Book Review: The Bush by Don Watson

The Bush by Don Watson

While most of us live in cities clinging to the coastal fringe, our sense of what an Australian is, or should be, is drawn from the vast and varied inland called the bush. But what do we mean by ‘the bush’, and how has it shaped us?

Starting with his forebears’ battle to drive back nature and eke a living from the land, Don Watson explores the bush as it was and as it now is: the triumphs and the ruination, the commonplace and the bizarre, the stories we like to tell about ourselves and the national character, and those we don’t.

A milestone work of memoir, travel writing and history, The Bush takes us on a profoundly revelatory and entertaining journey through the Australian landscape and character.

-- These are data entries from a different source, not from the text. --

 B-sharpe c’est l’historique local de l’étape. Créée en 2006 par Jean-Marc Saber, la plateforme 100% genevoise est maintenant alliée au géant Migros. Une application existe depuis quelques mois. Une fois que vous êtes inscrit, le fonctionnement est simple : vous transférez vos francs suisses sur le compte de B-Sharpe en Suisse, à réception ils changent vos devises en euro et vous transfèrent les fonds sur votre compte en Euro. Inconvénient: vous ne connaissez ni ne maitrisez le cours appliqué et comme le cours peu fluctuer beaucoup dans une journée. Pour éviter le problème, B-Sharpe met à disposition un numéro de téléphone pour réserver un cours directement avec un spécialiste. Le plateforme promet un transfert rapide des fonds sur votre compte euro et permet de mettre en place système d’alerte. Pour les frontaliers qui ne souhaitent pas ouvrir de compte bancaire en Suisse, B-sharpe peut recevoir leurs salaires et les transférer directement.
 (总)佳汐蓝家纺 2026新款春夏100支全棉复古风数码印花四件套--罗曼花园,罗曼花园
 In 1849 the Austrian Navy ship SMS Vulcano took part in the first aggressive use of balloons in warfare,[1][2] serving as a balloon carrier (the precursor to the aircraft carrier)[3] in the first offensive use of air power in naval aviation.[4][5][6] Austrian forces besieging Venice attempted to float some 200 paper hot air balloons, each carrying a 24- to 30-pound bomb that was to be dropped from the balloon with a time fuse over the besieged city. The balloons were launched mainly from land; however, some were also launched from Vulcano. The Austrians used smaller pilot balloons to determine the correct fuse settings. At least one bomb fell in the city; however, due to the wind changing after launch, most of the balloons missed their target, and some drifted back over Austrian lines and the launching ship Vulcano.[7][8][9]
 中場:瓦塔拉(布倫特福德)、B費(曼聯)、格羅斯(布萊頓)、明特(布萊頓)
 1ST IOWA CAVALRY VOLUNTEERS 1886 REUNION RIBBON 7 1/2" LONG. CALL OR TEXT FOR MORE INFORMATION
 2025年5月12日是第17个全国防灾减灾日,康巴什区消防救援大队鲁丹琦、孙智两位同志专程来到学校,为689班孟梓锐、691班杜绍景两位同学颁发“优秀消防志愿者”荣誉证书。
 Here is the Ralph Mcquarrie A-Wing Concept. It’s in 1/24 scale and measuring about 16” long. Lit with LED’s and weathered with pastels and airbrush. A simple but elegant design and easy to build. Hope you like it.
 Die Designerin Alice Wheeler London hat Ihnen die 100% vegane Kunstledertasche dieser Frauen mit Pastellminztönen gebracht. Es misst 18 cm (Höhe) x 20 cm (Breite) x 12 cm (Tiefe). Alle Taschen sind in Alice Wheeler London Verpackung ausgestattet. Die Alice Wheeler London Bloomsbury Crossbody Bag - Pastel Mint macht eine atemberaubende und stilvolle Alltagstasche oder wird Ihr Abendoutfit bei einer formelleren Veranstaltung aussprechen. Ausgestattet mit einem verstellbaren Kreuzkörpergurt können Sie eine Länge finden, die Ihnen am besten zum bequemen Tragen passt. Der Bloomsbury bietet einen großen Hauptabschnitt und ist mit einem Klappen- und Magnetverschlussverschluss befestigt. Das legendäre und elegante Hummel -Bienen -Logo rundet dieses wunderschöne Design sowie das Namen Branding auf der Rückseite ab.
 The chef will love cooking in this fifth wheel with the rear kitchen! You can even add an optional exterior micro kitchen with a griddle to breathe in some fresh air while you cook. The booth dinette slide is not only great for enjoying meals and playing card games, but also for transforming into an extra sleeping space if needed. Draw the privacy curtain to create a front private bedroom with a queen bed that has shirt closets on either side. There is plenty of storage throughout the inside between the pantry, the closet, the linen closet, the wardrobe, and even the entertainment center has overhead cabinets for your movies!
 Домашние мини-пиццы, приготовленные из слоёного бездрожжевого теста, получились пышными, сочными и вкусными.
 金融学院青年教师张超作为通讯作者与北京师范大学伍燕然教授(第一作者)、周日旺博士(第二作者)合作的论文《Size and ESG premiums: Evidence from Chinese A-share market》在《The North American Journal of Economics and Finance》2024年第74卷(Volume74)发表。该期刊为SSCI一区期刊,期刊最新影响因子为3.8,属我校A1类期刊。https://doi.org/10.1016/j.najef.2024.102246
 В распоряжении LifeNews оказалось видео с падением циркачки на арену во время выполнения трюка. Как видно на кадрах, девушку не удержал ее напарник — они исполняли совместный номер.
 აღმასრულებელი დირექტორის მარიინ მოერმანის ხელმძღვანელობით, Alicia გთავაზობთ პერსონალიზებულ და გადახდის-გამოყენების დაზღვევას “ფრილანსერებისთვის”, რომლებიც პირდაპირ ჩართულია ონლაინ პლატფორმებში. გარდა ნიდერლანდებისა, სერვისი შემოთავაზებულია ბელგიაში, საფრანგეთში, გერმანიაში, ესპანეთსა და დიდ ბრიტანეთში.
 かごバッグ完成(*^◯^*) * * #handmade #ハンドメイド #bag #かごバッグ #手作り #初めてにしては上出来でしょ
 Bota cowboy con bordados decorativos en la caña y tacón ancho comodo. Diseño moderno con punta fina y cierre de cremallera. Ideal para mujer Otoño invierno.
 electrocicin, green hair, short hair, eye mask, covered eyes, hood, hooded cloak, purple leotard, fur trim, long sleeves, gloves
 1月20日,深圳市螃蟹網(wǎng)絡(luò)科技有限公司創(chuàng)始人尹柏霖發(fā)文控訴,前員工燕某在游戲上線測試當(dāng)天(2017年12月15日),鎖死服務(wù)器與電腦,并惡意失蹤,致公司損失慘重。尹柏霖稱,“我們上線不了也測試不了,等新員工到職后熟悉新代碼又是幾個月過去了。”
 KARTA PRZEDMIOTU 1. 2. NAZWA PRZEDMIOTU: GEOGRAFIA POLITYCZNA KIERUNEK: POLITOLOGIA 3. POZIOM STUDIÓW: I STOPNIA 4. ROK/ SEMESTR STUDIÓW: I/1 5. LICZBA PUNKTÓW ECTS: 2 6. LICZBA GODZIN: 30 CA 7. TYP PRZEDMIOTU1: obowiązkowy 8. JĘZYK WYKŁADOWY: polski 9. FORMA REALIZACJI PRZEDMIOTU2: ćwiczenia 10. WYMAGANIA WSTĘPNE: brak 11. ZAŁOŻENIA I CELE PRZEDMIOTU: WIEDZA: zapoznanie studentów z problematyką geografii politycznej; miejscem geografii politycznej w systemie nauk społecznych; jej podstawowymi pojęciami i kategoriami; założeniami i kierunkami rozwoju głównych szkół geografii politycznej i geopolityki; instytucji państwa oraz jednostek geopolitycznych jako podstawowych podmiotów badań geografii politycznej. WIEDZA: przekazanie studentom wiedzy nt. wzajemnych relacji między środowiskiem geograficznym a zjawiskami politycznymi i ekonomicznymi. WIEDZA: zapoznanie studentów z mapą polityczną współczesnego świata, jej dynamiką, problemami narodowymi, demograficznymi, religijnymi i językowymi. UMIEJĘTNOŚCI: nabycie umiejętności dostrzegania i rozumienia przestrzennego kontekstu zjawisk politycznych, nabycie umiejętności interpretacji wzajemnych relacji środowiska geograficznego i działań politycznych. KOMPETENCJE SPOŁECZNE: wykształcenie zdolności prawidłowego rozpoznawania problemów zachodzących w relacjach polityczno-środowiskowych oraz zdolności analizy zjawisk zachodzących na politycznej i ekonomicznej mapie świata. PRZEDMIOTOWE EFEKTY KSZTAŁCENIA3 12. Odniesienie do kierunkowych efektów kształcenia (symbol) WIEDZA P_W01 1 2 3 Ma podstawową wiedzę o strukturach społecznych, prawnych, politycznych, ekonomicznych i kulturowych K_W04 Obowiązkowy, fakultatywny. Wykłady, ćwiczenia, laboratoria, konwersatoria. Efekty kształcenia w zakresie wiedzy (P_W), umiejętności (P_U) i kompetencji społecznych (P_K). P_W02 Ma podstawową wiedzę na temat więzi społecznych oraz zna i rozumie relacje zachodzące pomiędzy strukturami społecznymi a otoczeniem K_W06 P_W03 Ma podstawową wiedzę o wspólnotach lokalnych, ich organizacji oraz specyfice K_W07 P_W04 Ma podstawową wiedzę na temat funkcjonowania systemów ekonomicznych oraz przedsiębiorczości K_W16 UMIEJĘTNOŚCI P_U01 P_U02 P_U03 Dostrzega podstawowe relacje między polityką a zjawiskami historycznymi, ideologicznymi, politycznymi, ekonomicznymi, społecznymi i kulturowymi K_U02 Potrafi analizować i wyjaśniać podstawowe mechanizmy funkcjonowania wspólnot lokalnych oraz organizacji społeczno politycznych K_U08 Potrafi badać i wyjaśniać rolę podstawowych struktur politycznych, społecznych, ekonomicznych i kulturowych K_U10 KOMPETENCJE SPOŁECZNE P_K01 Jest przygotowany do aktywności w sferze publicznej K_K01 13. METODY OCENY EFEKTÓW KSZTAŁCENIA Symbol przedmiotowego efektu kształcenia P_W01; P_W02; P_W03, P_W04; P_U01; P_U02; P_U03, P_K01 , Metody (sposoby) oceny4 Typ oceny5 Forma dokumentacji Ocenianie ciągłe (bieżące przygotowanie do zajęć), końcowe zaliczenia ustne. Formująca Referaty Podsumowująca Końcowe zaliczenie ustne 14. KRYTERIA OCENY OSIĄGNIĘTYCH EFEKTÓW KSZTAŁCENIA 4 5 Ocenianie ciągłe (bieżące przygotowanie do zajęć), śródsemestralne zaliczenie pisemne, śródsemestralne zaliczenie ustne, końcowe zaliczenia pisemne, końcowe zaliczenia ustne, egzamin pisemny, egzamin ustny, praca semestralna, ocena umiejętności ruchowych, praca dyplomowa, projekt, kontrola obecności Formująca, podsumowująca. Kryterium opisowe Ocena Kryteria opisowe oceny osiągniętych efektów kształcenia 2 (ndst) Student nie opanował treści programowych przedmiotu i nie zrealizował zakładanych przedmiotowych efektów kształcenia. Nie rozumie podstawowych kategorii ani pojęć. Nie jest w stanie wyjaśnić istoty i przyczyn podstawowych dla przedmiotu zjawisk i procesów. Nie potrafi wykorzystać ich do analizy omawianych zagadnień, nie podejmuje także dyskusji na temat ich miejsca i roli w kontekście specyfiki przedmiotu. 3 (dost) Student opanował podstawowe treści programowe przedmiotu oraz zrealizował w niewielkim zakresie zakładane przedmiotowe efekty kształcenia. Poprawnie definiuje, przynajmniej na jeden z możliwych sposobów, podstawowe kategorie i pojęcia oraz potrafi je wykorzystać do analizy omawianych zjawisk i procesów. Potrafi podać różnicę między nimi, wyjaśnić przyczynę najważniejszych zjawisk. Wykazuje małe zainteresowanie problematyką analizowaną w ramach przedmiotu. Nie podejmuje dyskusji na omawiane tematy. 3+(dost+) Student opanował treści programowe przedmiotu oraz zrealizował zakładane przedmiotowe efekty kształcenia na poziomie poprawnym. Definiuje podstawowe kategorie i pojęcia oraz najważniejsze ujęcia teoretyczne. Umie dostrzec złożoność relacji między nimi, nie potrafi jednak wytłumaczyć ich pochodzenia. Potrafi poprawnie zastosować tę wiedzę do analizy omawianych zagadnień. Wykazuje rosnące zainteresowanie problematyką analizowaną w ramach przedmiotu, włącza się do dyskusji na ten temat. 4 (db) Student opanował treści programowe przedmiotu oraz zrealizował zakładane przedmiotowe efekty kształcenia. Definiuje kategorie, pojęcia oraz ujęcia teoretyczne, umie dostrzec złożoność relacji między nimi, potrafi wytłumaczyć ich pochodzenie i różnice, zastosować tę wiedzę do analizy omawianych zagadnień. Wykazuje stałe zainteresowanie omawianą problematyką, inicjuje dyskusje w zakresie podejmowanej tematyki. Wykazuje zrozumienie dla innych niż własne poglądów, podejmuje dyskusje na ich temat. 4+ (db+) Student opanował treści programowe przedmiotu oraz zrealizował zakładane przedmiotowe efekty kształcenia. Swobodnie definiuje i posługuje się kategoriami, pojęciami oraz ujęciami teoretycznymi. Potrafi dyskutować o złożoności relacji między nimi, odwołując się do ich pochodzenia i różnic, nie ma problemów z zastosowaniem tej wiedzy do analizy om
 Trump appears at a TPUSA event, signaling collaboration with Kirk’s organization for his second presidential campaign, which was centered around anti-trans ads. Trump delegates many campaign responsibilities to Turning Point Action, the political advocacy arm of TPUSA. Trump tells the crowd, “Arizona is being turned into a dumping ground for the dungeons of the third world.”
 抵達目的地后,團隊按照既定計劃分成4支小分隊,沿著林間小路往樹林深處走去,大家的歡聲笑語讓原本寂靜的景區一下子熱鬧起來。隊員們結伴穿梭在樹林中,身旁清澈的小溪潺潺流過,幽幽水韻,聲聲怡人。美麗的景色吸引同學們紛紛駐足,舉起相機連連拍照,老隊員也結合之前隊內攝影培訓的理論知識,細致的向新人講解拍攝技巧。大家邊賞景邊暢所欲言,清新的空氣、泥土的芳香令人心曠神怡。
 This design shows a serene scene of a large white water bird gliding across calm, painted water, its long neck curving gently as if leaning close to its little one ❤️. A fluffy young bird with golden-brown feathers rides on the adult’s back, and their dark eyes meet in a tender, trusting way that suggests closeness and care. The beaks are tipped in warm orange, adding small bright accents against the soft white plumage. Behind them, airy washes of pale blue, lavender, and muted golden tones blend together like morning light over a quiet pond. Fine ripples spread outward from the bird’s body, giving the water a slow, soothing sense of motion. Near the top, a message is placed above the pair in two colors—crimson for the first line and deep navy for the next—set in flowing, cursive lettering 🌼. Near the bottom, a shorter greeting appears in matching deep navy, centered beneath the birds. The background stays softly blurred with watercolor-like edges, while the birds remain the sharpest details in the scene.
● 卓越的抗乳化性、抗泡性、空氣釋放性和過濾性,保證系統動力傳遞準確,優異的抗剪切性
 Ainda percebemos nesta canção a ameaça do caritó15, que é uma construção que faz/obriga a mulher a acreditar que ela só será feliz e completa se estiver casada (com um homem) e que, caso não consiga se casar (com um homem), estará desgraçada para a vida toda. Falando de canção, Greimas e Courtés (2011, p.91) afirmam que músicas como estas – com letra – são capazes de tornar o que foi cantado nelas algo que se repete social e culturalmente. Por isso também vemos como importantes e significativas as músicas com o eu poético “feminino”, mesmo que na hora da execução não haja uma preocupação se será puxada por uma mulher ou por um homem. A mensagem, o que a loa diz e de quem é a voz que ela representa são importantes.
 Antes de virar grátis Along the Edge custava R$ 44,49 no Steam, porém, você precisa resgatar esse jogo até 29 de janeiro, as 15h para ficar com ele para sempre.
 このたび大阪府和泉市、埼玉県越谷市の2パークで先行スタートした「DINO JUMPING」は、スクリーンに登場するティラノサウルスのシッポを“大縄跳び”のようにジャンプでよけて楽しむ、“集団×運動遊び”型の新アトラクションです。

This is a very large, well researched and interesting history of the Australian bush. It follows the march of European settlement into the hinterland to work the land as pastoralists or miners. In doing so, millions of acres of forests and bush land were cleared and we are reaping the results of this today. Without tree cover weeds proliferated, fertile topsoil was washed into rivers and streams, impeding their flow, water became scarce causing soil salination and native animals have been driven into near extinction. It’s difficult to condense such a detailed narrative into a few lines, however the book is very interesting, though provoking and topical without being too didactic.

“This reads more like a thesis, so is not ideal for a Book Club; it would be unfair to give it a rating”.